A FEW YEARS ago, an acquaintance and I found ourselves debating the value of art in a capitalist society—a suitably light topic for a summer evening. My companion believed strongly that art must explicitly denounce the world’s injustices, and if it did not, it was reinforcing exploitative systems. I, ever the aesthete, found this stance reasonably sound from a moral perspective but incredibly dubious otherwise.

Then, as now, I consider art’s greatest function to be its capacity for expanding our conceptions of reality, not simply acting as moralistic propaganda. After all, the foundational thing you learn in art history is that the first artists were mystics, healers, and spiritual interlocutors—not politicians.

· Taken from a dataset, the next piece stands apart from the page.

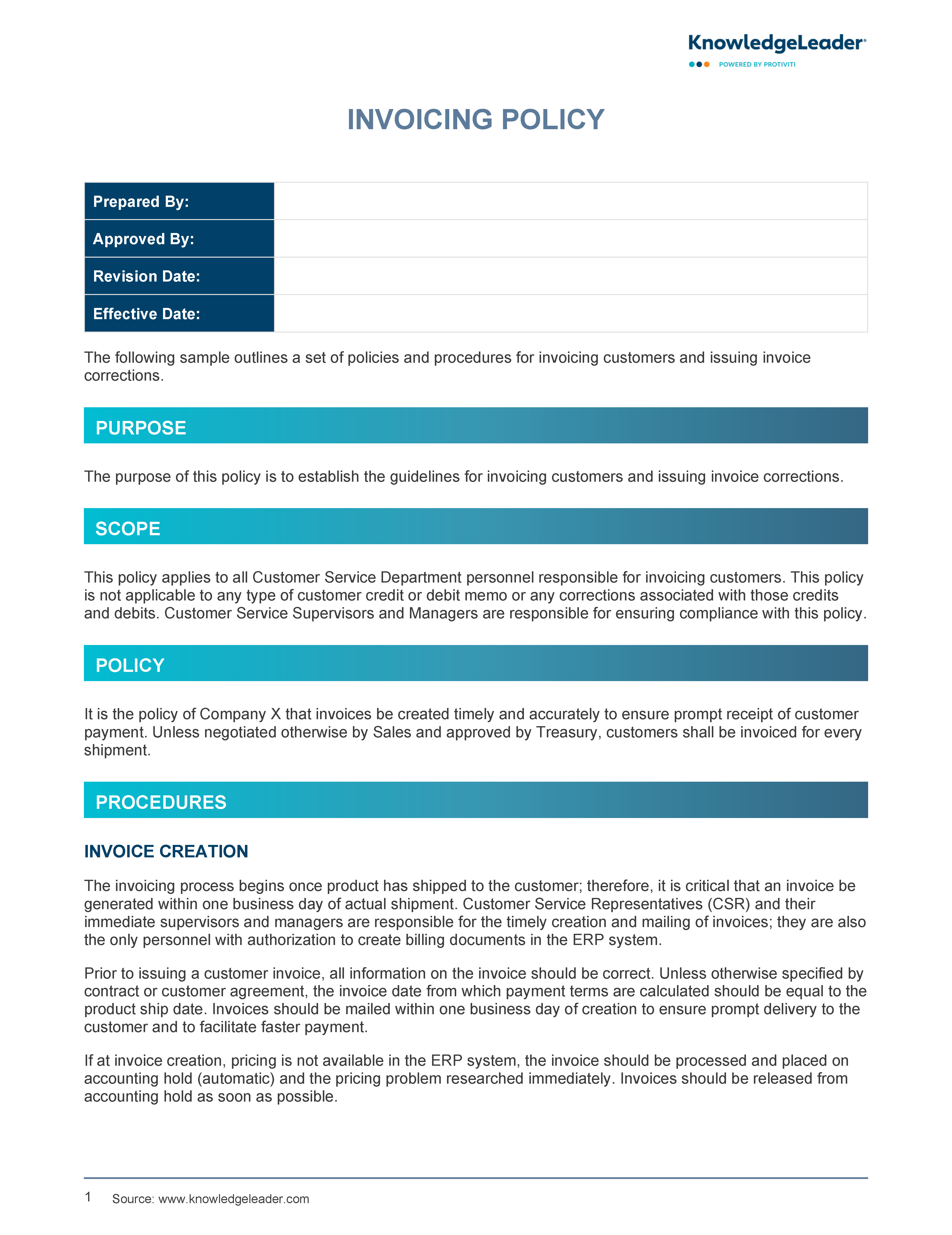 The following sample outlines a set of policies and procedures for invoicing customers and issuing invoice corrections. It applies to all customer service department personnel responsible for invoicing customers. This policy is not applicable to any type of customer credit or debit memo or any corrections associated with those credits and debits. Customer service supervisors and managers are responsible for ensuring compliance with this policy.

We started making art, it seems, to cross the border between our world and one beyond. Prehistoric wall paintings of cows and lumpy carvings of fertility goddesses serve as the earliest indications of our species’ artistic inclinations, blurring the lines between religious ritual and art object. Even as the world crumbles around us, I am convinced we must hold onto art’s spiritual properties rather than succumbing to the allure of work that only addresses our current systems.

This is not a case against protest art per se, but it is a case for reclaiming artists’ ability to connect us with our soul’s longings and ferry our imaginations across as yet uncharted rivers. However, it’s important to acknowledge that imagination, and the freedom we ascribe to or derive from it, does not exist in a neutral space. Imagination as an elemental force must be intentionally cultivated and fed, lest our dreams become too small or too beholden to an existing power structure.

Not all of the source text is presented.